-------- ENTRIES PROVIDED

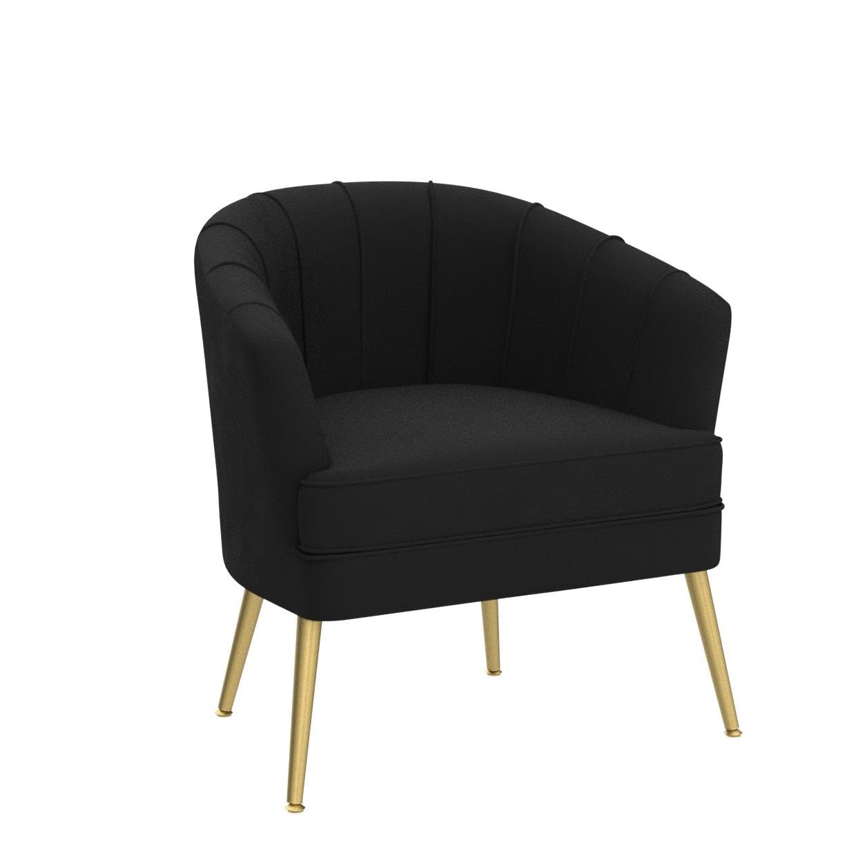 Upholstered Modern Single Sofa Side Chair,Comfy Barrel Club Living Room Armchair with Golden Metal Legs for Bedroom Living Reading Room Office, Black
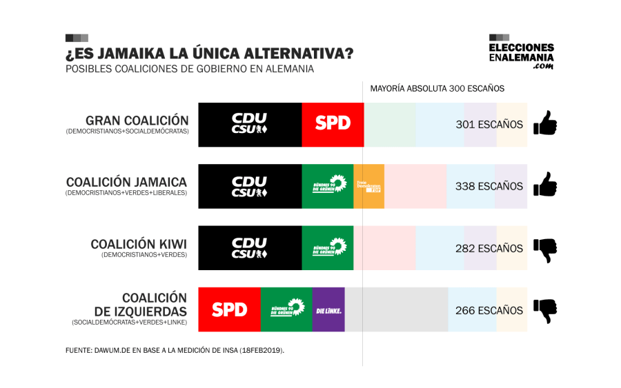 El fin de la gran coalición actual parece cristalizarse a medida que pasan los días. Las elecciones regionales en el este serán clave para un adelantamiento de las elecciones. En dicho caso sería casi ridículo pensar que CDU y SPD volverían a formar la misma alianza, la que acaban de romper. Eso daría lugar a la opción Jamaika, ya que el resto de las posibilidades están descartadas, ya sea por cuestiones ideológicas como por falta de números. Sin embargo, en septiembre de 2017, muchos, incluyendo algunos políticos muy importantes, sostenían la imposibilidad de una nueva gran coalición. Y la gran coalición se formó seis meses después.
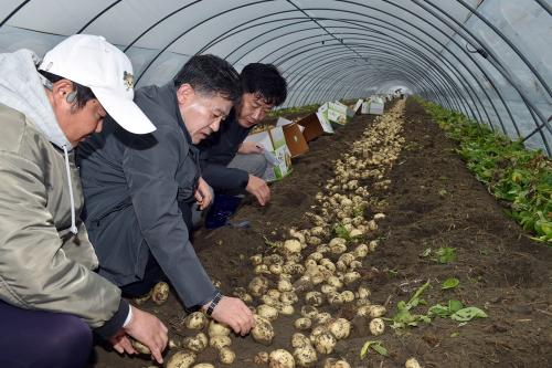À̳¯ Á¤ ½ÃÀåÀº Àü±¹ Á¦ÀÏÀÇ °¨ÀÚ ½Ã¼³ÇϿ콺¸¦ ¹æ¹®ÇØ ¼öÈ®ÀÇ ½ÃÀÛ¿¡ µ¿ÂüÇß´Ù. Á¤ ½ÃÀåÀº ±èÀç±Ç ³ó°¡(±¤È°13±æ 133)¸¦ ¹æ¹®ÇØ ¼öÈ® ÇöÀå¿¡¼ ÇÔ²² ±¸½½¶¡À» Èê·ÈÀ¸¸ç ¾Õ¼± 25ÀÏ Ã¹ ¼öÈ® ÀÌÈÄ º»°ÝÀûÀ¸·Î ÀÌ·ïÁú °¨ÀÚ ¼öÈ® ÇöȲÀ» »ìÇǰí ÁֹεéÀÇ ¾Ö·Î»çÇ×À» ûÃëÇß´Ù.
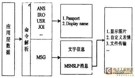 命令解析的本質(zhì)就是分析字符串的含義,它類(lèi)似計(jì)算機(jī)高級(jí)語(yǔ)言編譯器中詞法分析的功能。MSNP協(xié)議涉及多達(dá)幾十個(gè)命令,服務(wù)器和客戶(hù)端使用的命令也不相同。系統(tǒng)對(duì)涉及信息傳輸?shù)拿钸M(jìn)行了重點(diǎn)解析,主要包括握手命令和數(shù)據(jù)傳輸命令。對(duì)于客戶(hù)端命令。主要解析“ANS”和“MSG”。服務(wù)器端主要解析“IRO”、“USR”、“JOI”和“MSG”。
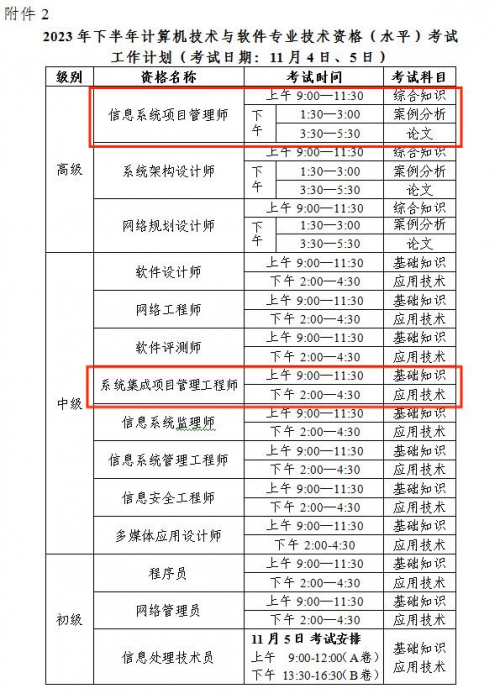 根據(jù)軟考辦發(fā)布的《關(guān)于2023年度計(jì)算機(jī)技術(shù)與軟件專(zhuān)業(yè)技術(shù)資格(水平)考試工作計(jì)劃及有關(guān)事項(xiàng)的通知》可以得知,2023年下半年軟考考試時(shí)間為11月4、5日,具體如下表所示:
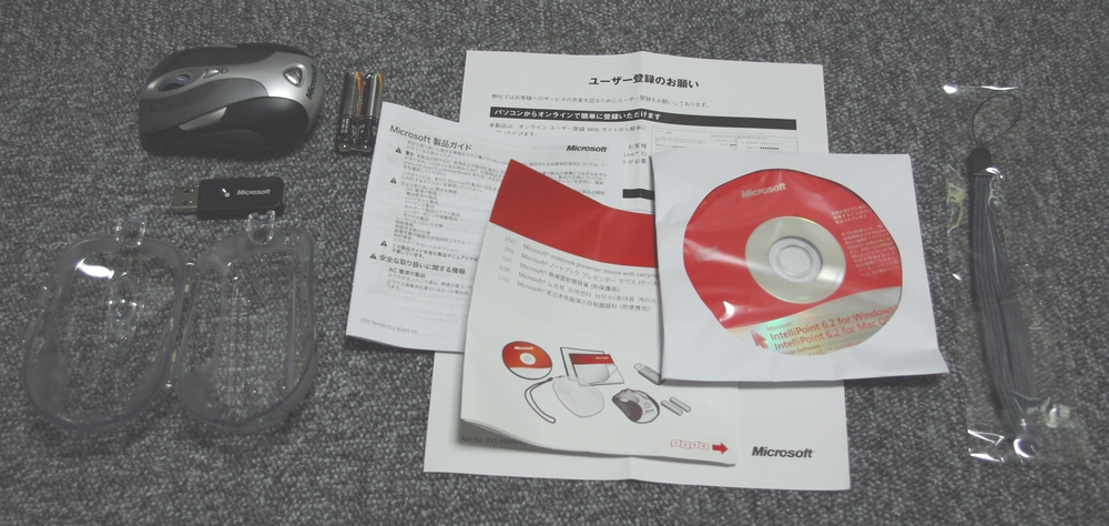持ち運びを考えて、ちゃんとストラップも付いております。IntelliPoint が入った CDROM も付属。IntelliPoint をインストールすれば、通常のマウスとしてだけでなく、PowerPoint の操作もできちゃいます。
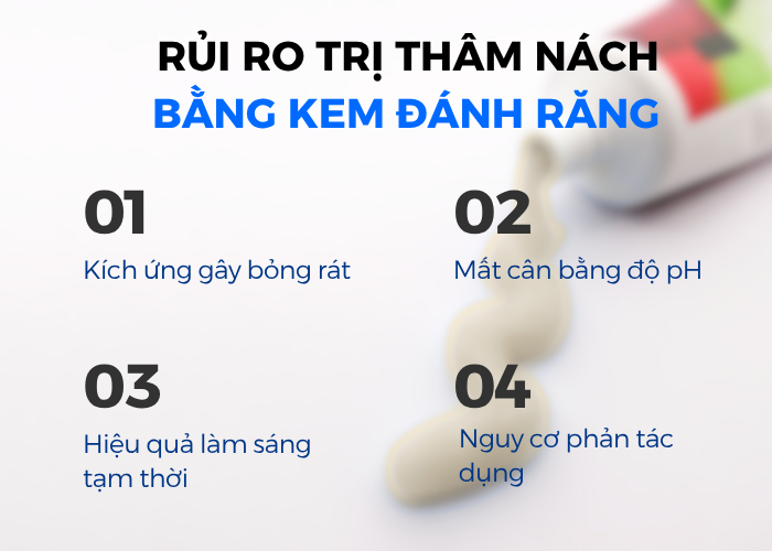 Kem đánh răng có độ pH từ 7-9, trong khi đó vùng da dưới cánh tay có độ pH từ 5-6. Nếu sử dụng kem đánh răng thường xuyên dễ làm vùng da nách mất cân bằng độ pH, vi khuẩn dễ thâm nhập và gây viêm nang lông, da không đều màu.
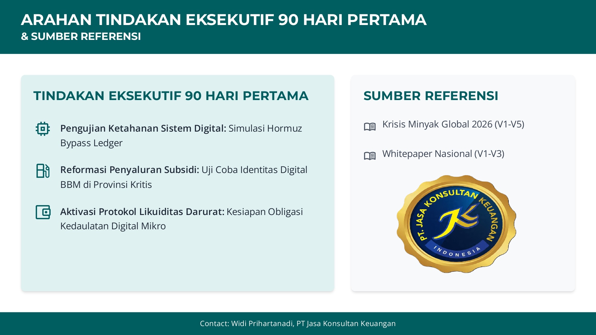 Melalui sinkronisasi Peta Jalan Energi dengan Arsitektur Widi Prihartanadi, kita tidak lagi berbicara tentang bertahan dari krisis, melainkan tentang lompatan kuantum menuju kedaulatan energi berbasis data.
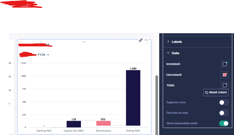 Is there any way to have the last item of the waterfall be a running total that starts from 0 and shows the net of the previous waterfall components? I'm using line items here, would just want the Ending NAV to always start at 0
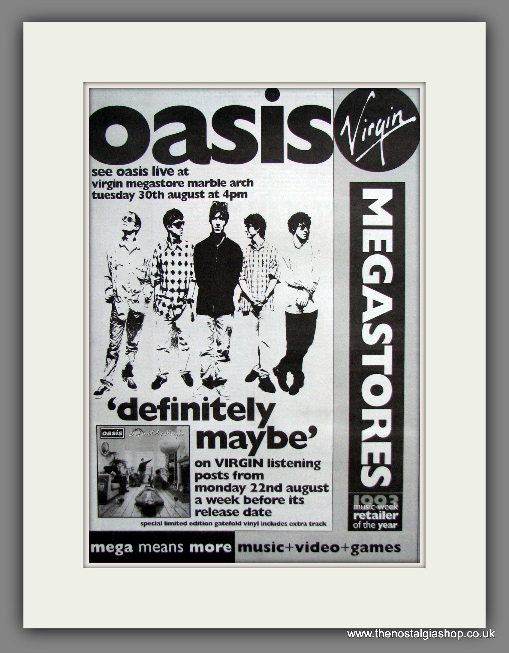 Oasis. Definitely Maybe. Original Advert 1994 (ref AD11890)
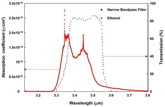 The basic structure of an NDIR gas sensor system has been illustrated in the articles [19,26] and it comprises the following components: a broadband IR source along with its driving circuit, an optical waveguide, and an IR detector with a narrow band-pass filter attached to it. The operation of an NDIR gas sensor lies in the principle that when broadband radiation is emitted by an IR source, the narrow band-pass optical filter turns the IR detector into a much specific narrow band detector that screens out all the radiation except for a particular wavelength, which is absorbed by the sample gas. Typical absorption spectrum of ethanol is at 3.45 μm [27]. The IR absorption spectrum of ethanol and transmission spectrum of narrow band-pass filter which is used in this research, are plotted simultaneously in Figure 1. The overlapping of the two spectra significantly improves the detection of target gas at the mentioned peak wavelength.
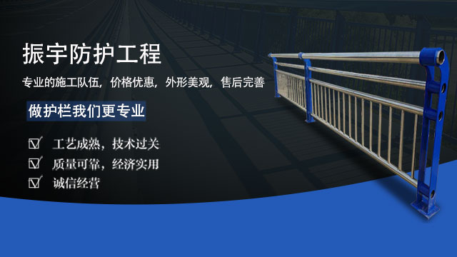 山东振宇钢铁有限公司是一家专业经营:铝合金护拦、灯光护栏、灯光栏杆、景观护栏、景观栏杆、桥梁护栏、不锈钢护栏、防撞护栏、河道护栏、不锈钢栏杆、防撞栏杆、桥梁栏杆、河道栏杆、304不锈钢复合管、不锈钢复合管护栏、201不锈钢复合管、桥梁护栏、不锈钢碳素钢管、不锈钢复合管等产品,公司成立以来一直把确保了产...
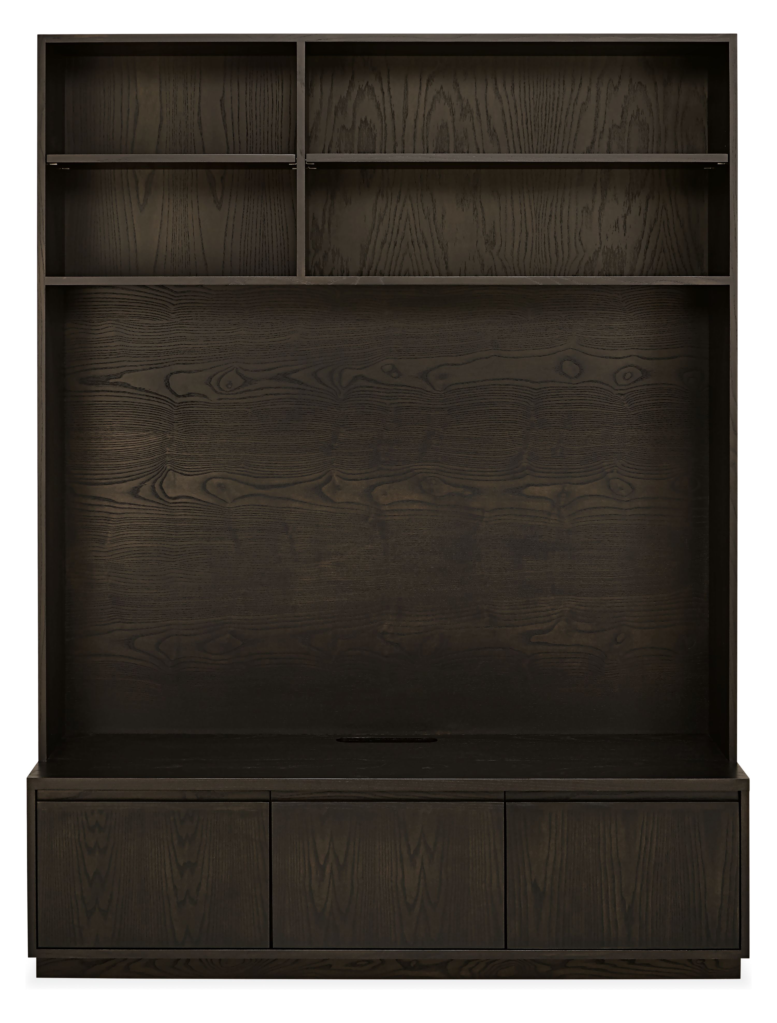 The thicker back panel on the 60w 18d 80h media bookcase allows you to easily add your own wall mount bracket. It features concealed cord management in the top of the cabinet to maintain a clean, modern look.
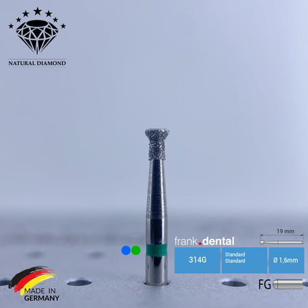Diamond dental burs: Diamond is the hardest natural material known to man and, therefore, is the material of choice when it comes to wearing down the hardest tissue in the human body: tooth enamel. Diamond burs have a steel shank and an active part coated with natural or synthetic diamond powder. The vast majority of commercially available dental burs are made of synthetic diamond and it is less common to come across natural diamond burs. Manufacturers who use natural diamond usually emphasise this characteristic, as it gives the burs greater quality, efficiency and durability. Of course, the cost of a natural diamond burr is higher than that of a synthetic diamond burr.
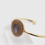 日常のふとした瞬間に、そっと手元を彩る、特別な輝きを求めていませんか? 光を浴びて煌めくノーブルパープルの繊細なメダリオンは、まるで時を超えたアンティークのように、あなたの指先に上品な物語を紡ぎます。洗練された大人のお洒落を、このバングルで心ゆくまでお愉しみください。
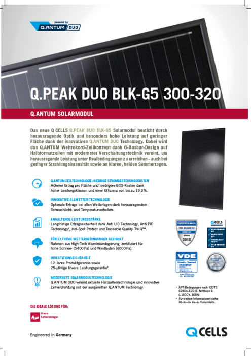 Zonnepanelen / Mono / Hanwha Q-Cells - Q.PEAK BLK-G5 315W
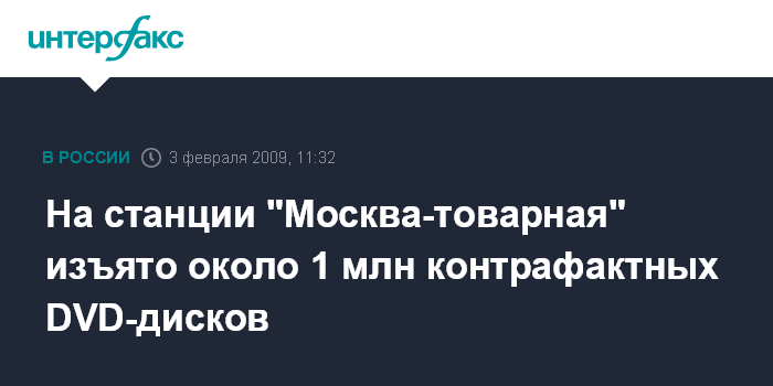 Москва. 3 февраля. INTERFAX.RU - Сотрудники Московского УВД на железнодорожном транспорте изъяли партию контрафактных DVD-дисков и обложек к ним на сумму около 120 млн рублей.
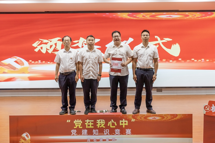 機(jī)關(guān)先鋒隊(duì)、物業(yè)勇闖隊(duì)、港口沖鋒隊(duì)、王港挑戰(zhàn)隊(duì)榮獲優(yōu)秀獎(jiǎng) 在陣陣掌聲中,集團(tuán)領(lǐng)導(dǎo)為獲獎(jiǎng)隊(duì)伍頒發(fā)了榮譽(yù)證書并進(jìn)行合影留念。 整場(chǎng)競(jìng)賽精彩紛呈,氣氛熱烈,選手之間通力合作,場(chǎng)上比分你追我趕,大家“賽”出了水平,“競(jìng)”出了風(fēng)采,充分體現(xiàn)了茂名港人積極奮進(jìn),努力拼搏的精神。集團(tuán)黨員干部以此為契機(jī),養(yǎng)成自學(xué)、好學(xué)的習(xí)慣,持之以恒、與時(shí)俱進(jìn)的學(xué)習(xí),避免知識(shí)老化、思想僵化、能力退化,在各自的崗位上掌握新方法、增長(zhǎng)新才干、解決新問題,把習(xí)近平新時(shí)代中國(guó)特色社會(huì)主義思想轉(zhuǎn)化為堅(jiān)定理想、錘煉黨性和指導(dǎo)實(shí)踐、推動(dòng)工作的強(qiáng)大力量,營(yíng)造了全集團(tuán)風(fēng)清氣正、積極向上、斗志昂揚(yáng)的干事氛圍。
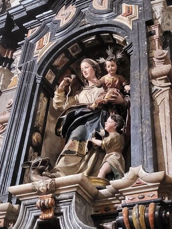 El ático se asienta sobre el entablamento y se decora con un sol de rayos que enmarca la alegoría de la Santísima Trinidad.

----------------

* **PROBLEM TO SOLVE**
All entries above should be returned exactly, apart from their pictures.

* **REPLY**
 Upholstered Modern Single Sofa Side Chair,Comfy Barrel Club Living Room Armchair with Golden Metal Legs for Bedroom Living Reading Room Office, Black
 El fin de la gran coalición actual parece cristalizarse a medida que pasan los días. Las elecciones regionales en el este serán clave para un adelantamiento de las elecciones. En dicho caso sería casi ridículo pensar que CDU y SPD volverían a formar la misma alianza, la que acaban de romper. Eso daría lugar a la opción Jamaika, ya que el resto de las posibilidades están descartadas, ya sea por cuestiones ideológicas como por falta de números. Sin embargo, en septiembre de 2017, muchos, incluyendo algunos políticos muy importantes, sostenían la imposibilidad de una nueva gran coalición. Y la gran coalición se formó seis meses después.
À̳¯ Á¤ ½ÃÀåÀº Àü±¹ Á¦ÀÏÀÇ °¨ÀÚ ½Ã¼³ÇϿ콺¸¦ ¹æ¹®ÇØ ¼öÈ®ÀÇ ½ÃÀÛ¿¡ µ¿ÂüÇß´Ù. Á¤ ½ÃÀåÀº ±èÀç±Ç ³ó°¡(±¤È°13±æ 133)¸¦ ¹æ¹®ÇØ ¼öÈ® ÇöÀå¿¡¼ ÇÔ²² ±¸½½¶¡À» Èê·ÈÀ¸¸ç ¾Õ¼± 25ÀÏ Ã¹ ¼öÈ® ÀÌÈÄ º»°ÝÀûÀ¸·Î ÀÌ·ïÁú °¨ÀÚ ¼öÈ® ÇöȲÀ» »ìÇǰí ÁֹεéÀÇ ¾Ö·Î»çÇ×À» ûÃëÇß´Ù.
 命令解析的本質(zhì)就是分析字符串的含義,它類(lèi)似計(jì)算機(jī)高級(jí)語(yǔ)言編譯器中詞法分析的功能。MSNP協(xié)議涉及多達(dá)幾十個(gè)命令,服務(wù)器和客戶(hù)端使用的命令也不相同。系統(tǒng)對(duì)涉及信息傳輸?shù)拿钸M(jìn)行了重點(diǎn)解析,主要包括握手命令和數(shù)據(jù)傳輸命令。對(duì)于客戶(hù)端命令。主要解析“ANS”和“MSG”。服務(wù)器端主要解析“IRO”、“USR”、“JOI”和“MSG”。
 根據(jù)軟考辦發(fā)布的《關(guān)于2023年度計(jì)算機(jī)技術(shù)與軟件專(zhuān)業(yè)技術(shù)資格(水平)考試工作計(jì)劃及有關(guān)事項(xiàng)的通知》可以得知,2023年下半年軟考考試時(shí)間為11月4、5日,具體如下表所示:
持ち運びを考えて、ちゃんとストラップも付いております。IntelliPoint が入った CDROM も付属。IntelliPoint をインストールすれば、通常のマウスとしてだけでなく、PowerPoint の操作もできちゃいます。
 Kem đánh răng có độ pH từ 7-9, trong khi đó vùng da dưới cánh tay có độ pH từ 5-6. Nếu sử dụng kem đánh răng thường xuyên dễ làm vùng da nách mất cân bằng độ pH, vi khuẩn dễ thâm nhập và gây viêm nang lông, da không đều màu.
 Melalui sinkronisasi Peta Jalan Energi dengan Arsitektur Widi Prihartanadi, kita tidak lagi berbicara tentang bertahan dari krisis, melainkan tentang lompatan kuantum menuju kedaulatan energi berbasis data.
 Is there any way to have the last item of the waterfall be a running total that starts from 0 and shows the net of the previous waterfall components? I'm using line items here, would just want the Ending NAV to always start at 0
 Oasis. Definitely Maybe. Original Advert 1994 (ref AD11890)
 The basic structure of an NDIR gas sensor system has been illustrated in the articles [19,26] and it comprises the following components: a broadband IR source along with its driving circuit, an optical waveguide, and an IR detector with a narrow band-pass filter attached to it. The operation of an NDIR gas sensor lies in the principle that when broadband radiation is emitted by an IR source, the narrow band-pass optical filter turns the IR detector into a much specific narrow band detector that screens out all the radiation except for a particular wavelength, which is absorbed by the sample gas. Typical absorption spectrum of ethanol is at 3.45 μm [27]. The IR absorption spectrum of ethanol and transmission spectrum of narrow band-pass filter which is used in this research, are plotted simultaneously in Figure 1. The overlapping of the two spectra significantly improves the detection of target gas at the mentioned peak wavelength.
 山东振宇钢铁有限公司是一家专业经营:铝合金护拦、灯光护栏、灯光栏杆、景观护栏、景观栏杆、桥梁护栏、不锈钢护栏、防撞护栏、河道护栏、不锈钢栏杆、防撞栏杆、桥梁栏杆、河道栏杆、304不锈钢复合管、不锈钢复合管护栏、201不锈钢复合管、桥梁护栏、不锈钢碳素钢管、不锈钢复合管等产品,公司成立以来一直把确保了产...
 The thicker back panel on the 60w 18d 80h media bookcase allows you to easily add your own wall mount bracket. It features concealed cord management in the top of the cabinet to maintain a clean, modern look.
Diamond dental burs: Diamond is the hardest natural material known to man and, therefore, is the material of choice when it comes to wearing down the hardest tissue in the human body: tooth enamel. Diamond burs have a steel shank and an active part coated with natural or synthetic diamond powder. The vast majority of commercially available dental burs are made of synthetic diamond and it is less common to come across natural diamond burs. Manufacturers who use natural diamond usually emphasise this characteristic, as it gives the burs greater quality, efficiency and durability. Of course, the cost of a natural diamond burr is higher than that of a synthetic diamond burr.
 日常のふとした瞬間に、そっと手元を彩る、特別な輝きを求めていませんか? 光を浴びて煌めくノーブルパープルの繊細なメダリオンは、まるで時を超えたアンティークのように、あなたの指先に上品な物語を紡ぎます。洗練された大人のお洒落を、このバングルで心ゆくまでお愉しみください。
 Zonnepanelen / Mono / Hanwha Q-Cells - Q.PEAK BLK-G5 315W
 Москва. 3 февраля. INTERFAX.RU - Сотрудники Московского УВД на железнодорожном транспорте изъяли партию контрафактных DVD-дисков и обложек к ним на сумму около 120 млн рублей.
 機(jī)關(guān)先鋒隊(duì)、物業(yè)勇闖隊(duì)、港口沖鋒隊(duì)、王港挑戰(zhàn)隊(duì)榮獲優(yōu)秀獎(jiǎng) 在陣陣掌聲中,集團(tuán)領(lǐng)導(dǎo)為獲獎(jiǎng)隊(duì)伍頒發(fā)了榮譽(yù)證書并進(jìn)行合影留念。 整場(chǎng)競(jìng)賽精彩紛呈,氣氛熱烈,選手之間通力合作,場(chǎng)上比分你追我趕,大家“賽”出了水平,“競(jìng)”出了風(fēng)采,充分體現(xiàn)了茂名港人積極奮進(jìn),努力拼搏的精神。集團(tuán)黨員干部以此為契機(jī),養(yǎng)成自學(xué)、好學(xué)的習(xí)慣,持之以恒、與時(shí)俱進(jìn)的學(xué)習(xí),避免知識(shí)老化、思想僵化、能力退化,在各自的崗位上掌握新方法、增長(zhǎng)新才干、解決新問題,把習(xí)近平新時(shí)代中國(guó)特色社會(huì)主義思想轉(zhuǎn)化為堅(jiān)定理想、錘煉黨性和指導(dǎo)實(shí)踐、推動(dòng)工作的強(qiáng)大力量,營(yíng)造了全集團(tuán)風(fēng)清氣正、積極向上、斗志昂揚(yáng)的干事氛圍。
 El ático se asienta sobre el entablamento y se decora con un sol de rayos que enmarca la alegoría de la Santísima Trinidad.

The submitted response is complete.